Use gestures, body language, and facial expressions. ASL relies on these three methods of communication as well as hand signs.
Use repetition, particularly with DDBDDLDHH people with disabilities who have experienced language deprivation by not having access to ASL or English. Break down complex concepts into smaller chunks and use easy to understand phrases or sentences.
Reframing your questions can help ensure DDBDDLDHH people with disabilities understand what you are asking. The interpreter can be helpful in this situation. This process may take a lot longer, but patience and understanding will help DDBDDLDHH people with disabilities learn to trust you.
DDBDDLDHH people with disabilities may not know the English names of people in their lives. The DDBDDLDHH community often has sign names for family, friends, and others they interact with frequently. Use pictures to match significant people with names or to identify who they are.
If you are filming the interview, show both DDBDDLDHH people with disabilities and the interpreter in the video.
After the visit
Provide equal communication access at every step, including follow-up meetings and appointments. If you need to call a DDBDDLDHH person, you can ask them for their Video Relay Service (VRS) phone number. With this service, you can make a call and be automatically linked to a relay interpreter that will connect to the DDBDDLDHH individual through video phone.
As with all people, provide a card with your name and phone number. Tell people with disabilities if it’s Okay for them to contact you.
DDBDDLDHH people with limited communication skills may not fully understand safety information.
Safety planning with DDBDDLDHH individuals with limited communication access requires adapting information to their primary communication style and cognitive needs. Safety strategies should be presented visually and concretely using tools such as picture-based guides, visual schedules, social stories, or symbol boards to ensure comprehension. When clarification is needed, collaborate with trusted care providers or professionals who understand the person’s communication methods—while maintaining the individual’s autonomy and confidentiality.

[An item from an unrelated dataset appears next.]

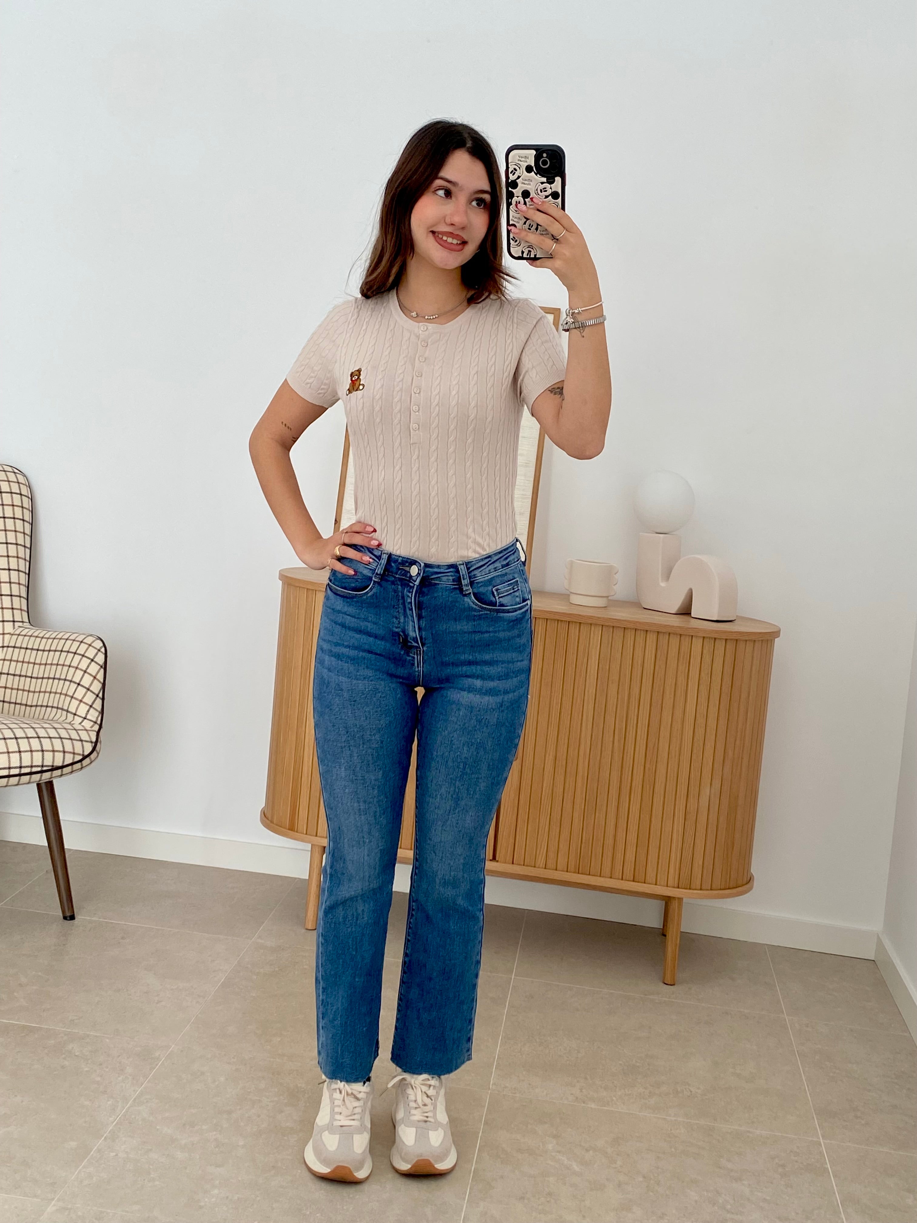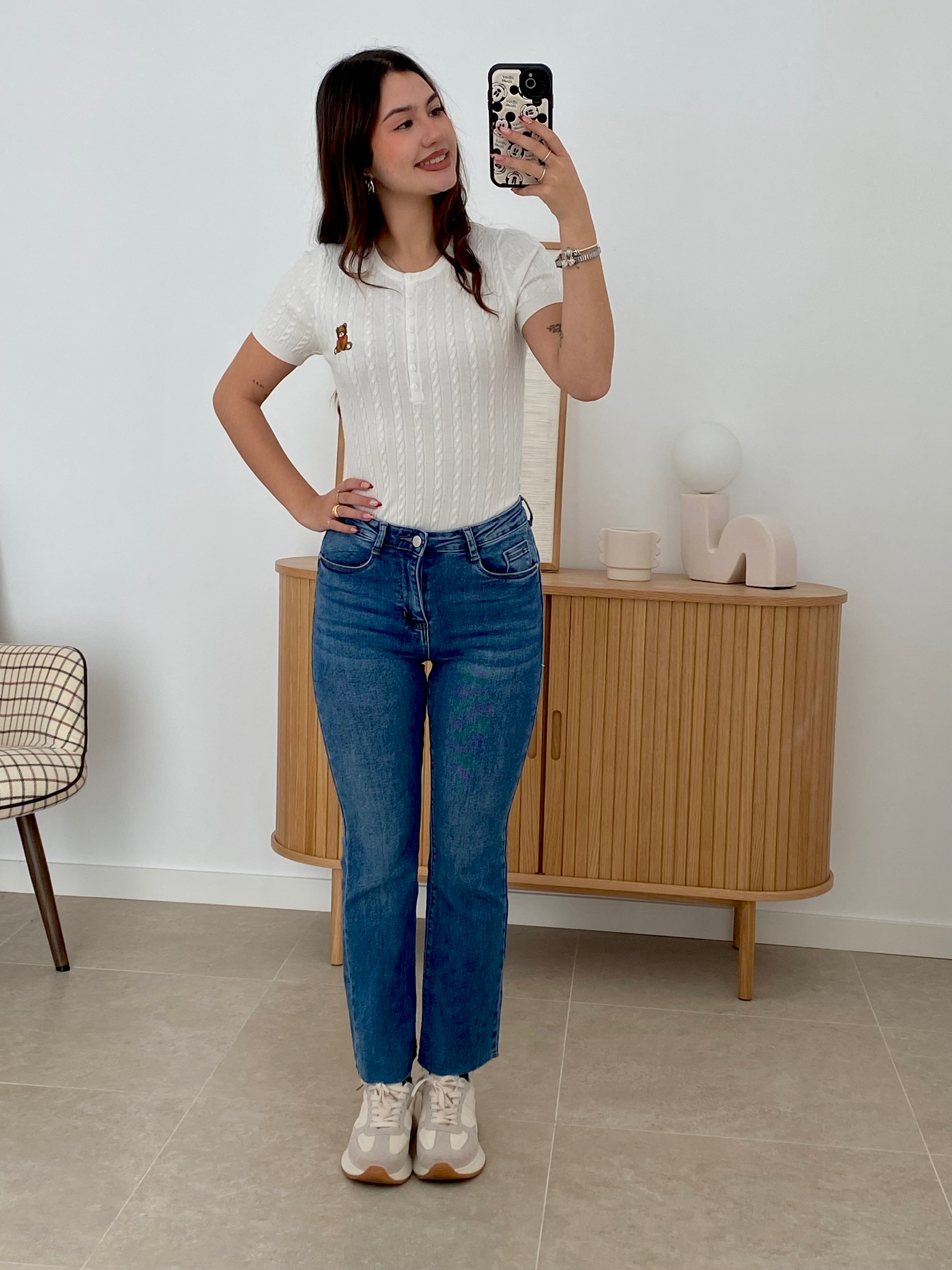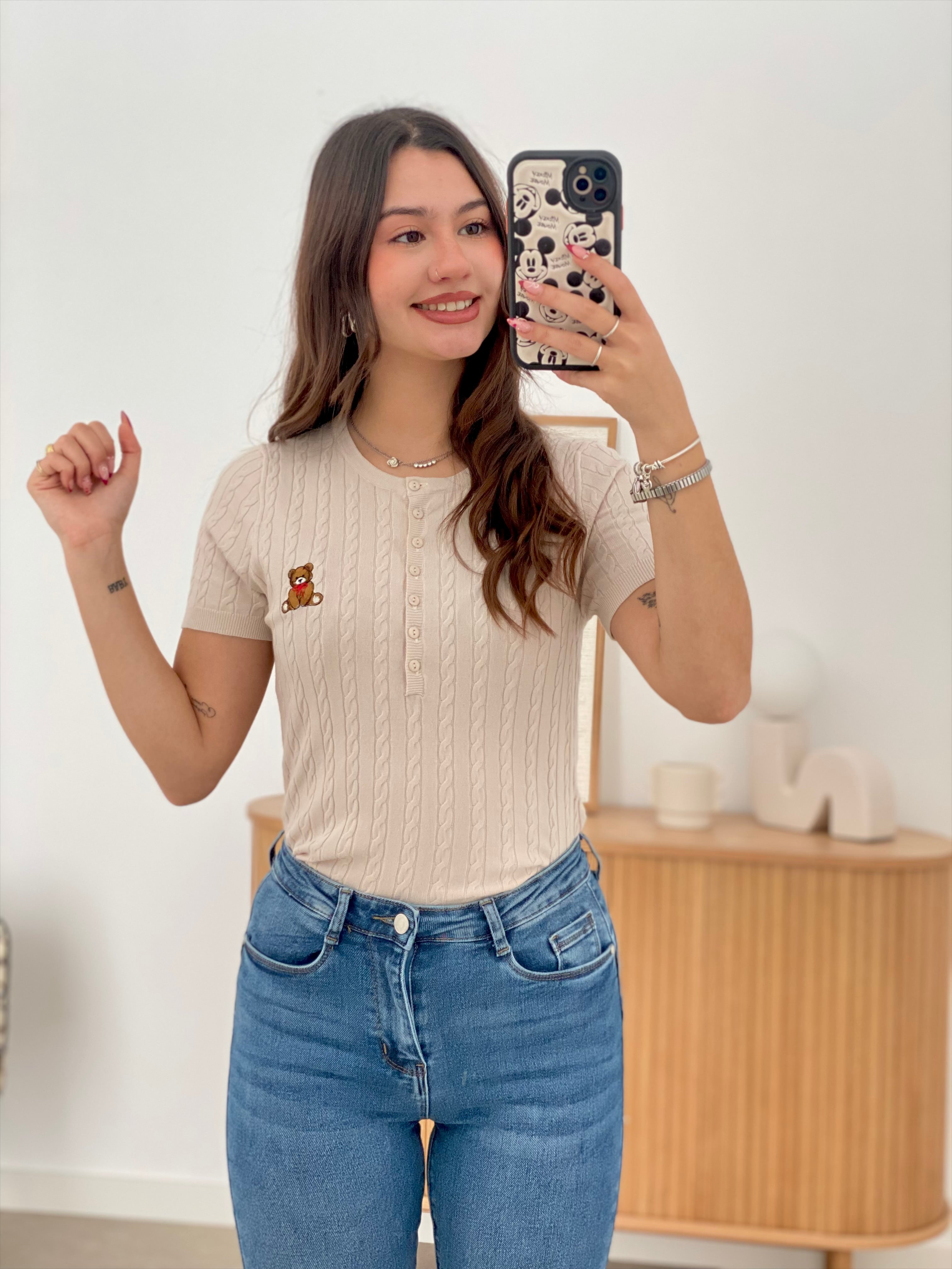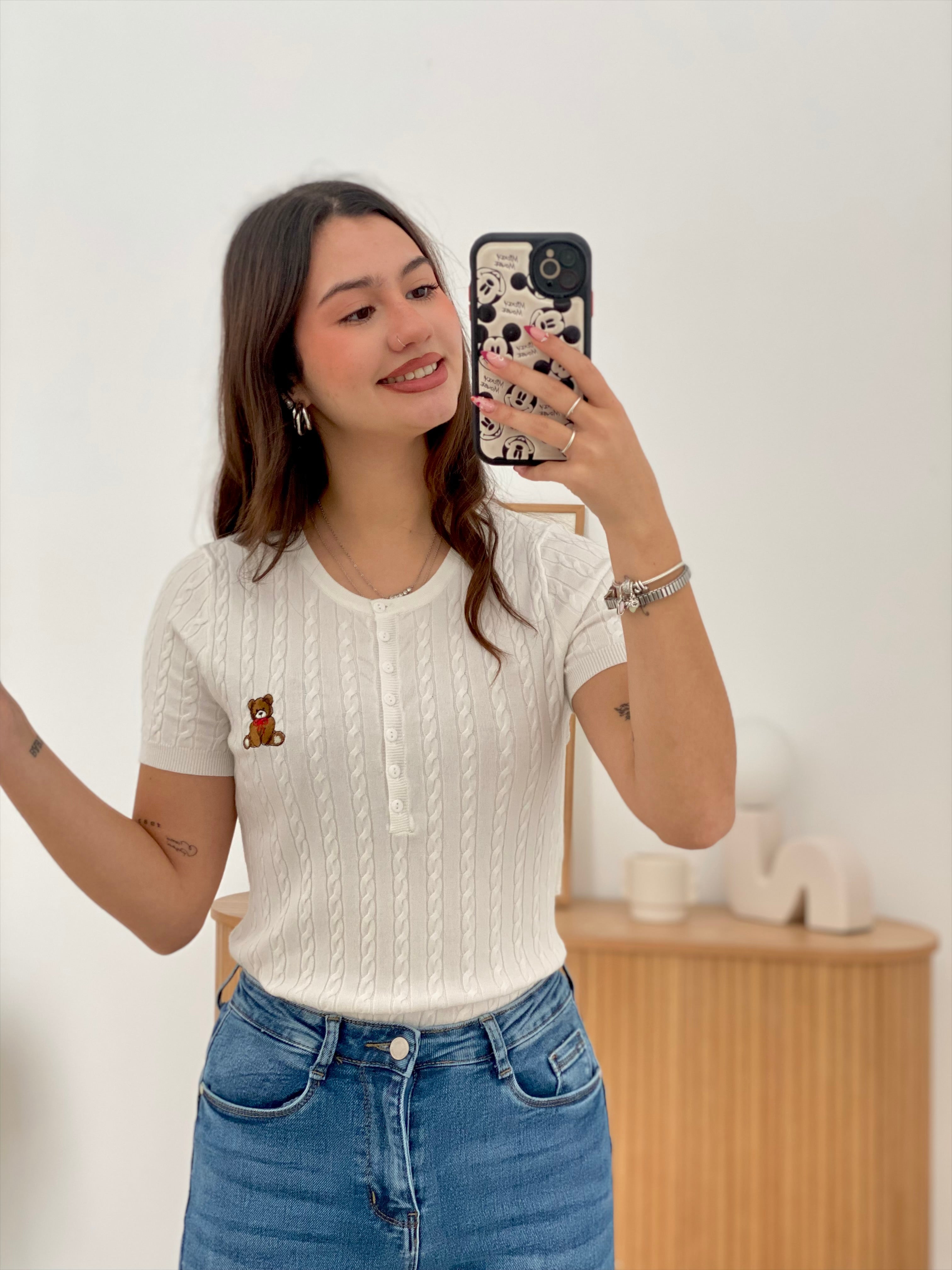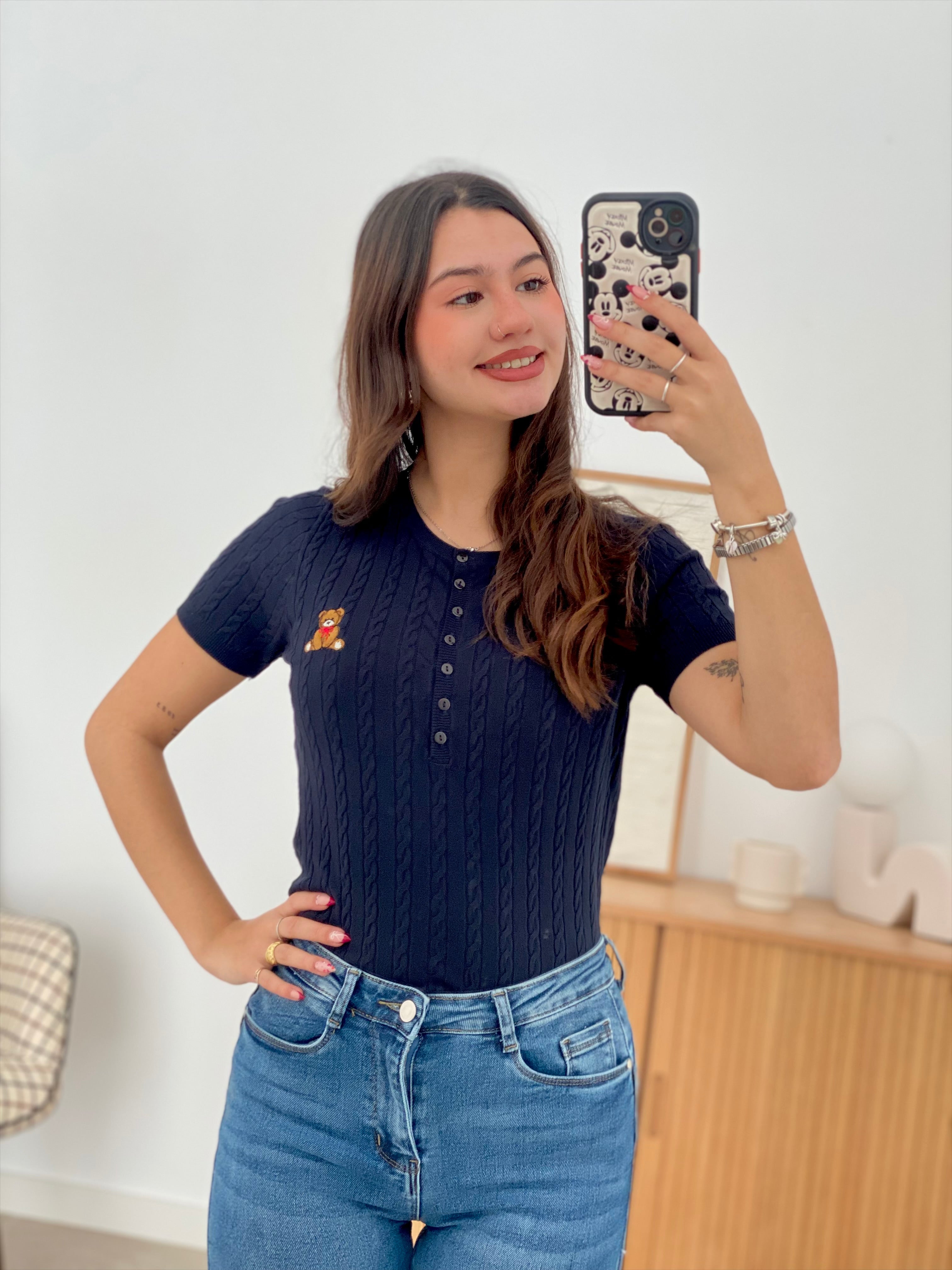 Camiseta de punto fino en manga corta, confeccionada con una composición de 55% viscosa, 35% poliéster y 10% elastán que garantiza comodidad y elasticidad. Disponible en tallas S/M y L/XL. Destaca por sus botones en el pecho y un delicado osito bordado que añade un toque distintivo. Prenda versátil y de calidad, ideal para el uso diario.

Effective safety planning prioritizes accessible communication, repetition, and confirmation of understanding so the person can meaningfully participate in decisions about their own safety.
Work with your team and the DDBDDLDHH community to develop visual aids. If DDBDDLDHH people with disabilities still don’t understand, ask trusted care providers and professionals who are familiar with the person to continue to address safety using the person’s typical communication modes. Visual boards or social stories may be more effective for nonverbal people with disabilities.
Speaking loudly, yelling, or attempting to have DDBDDLDHH people with disabilities read your lips will not help in a stressful situation. Increasing volume can help in certain situations, but most of the time it only amplifies already distorted hearing.
A common source of distress among DDBDDLDHH people with disabilities is not being able to communicate with anyone. The person may look very angry (signing big with frowns, signing with strong facial expressions, screaming) or very withdrawn (refusing to say anything or make any eye contact, hiding in the corner). Some considerations to reduce stress with DDBDDLDHH people with disabilities:
Never stop DDBDDLDHH people with disabilities from communicating by holding their hands still, stopping them from signing, or putting handcuffs on the person. Doing so is likely to create even more distress. Instead of trying to prevent them from signing big or becoming angry, nod your head, offer them a place to sit, or allow them to pace around the room.
Let the person know if an interpreter is coming and give them an estimated time of arrival for the interpreter.
Give DDBDDLDHH people with disabilities space and a friendly smile now and then.
Position yourself so that there is a comfortable distance between you and the DDBDDLDHH person with disabilities (usually arm’s length or more). Getting into their personal space may result in more aggravation.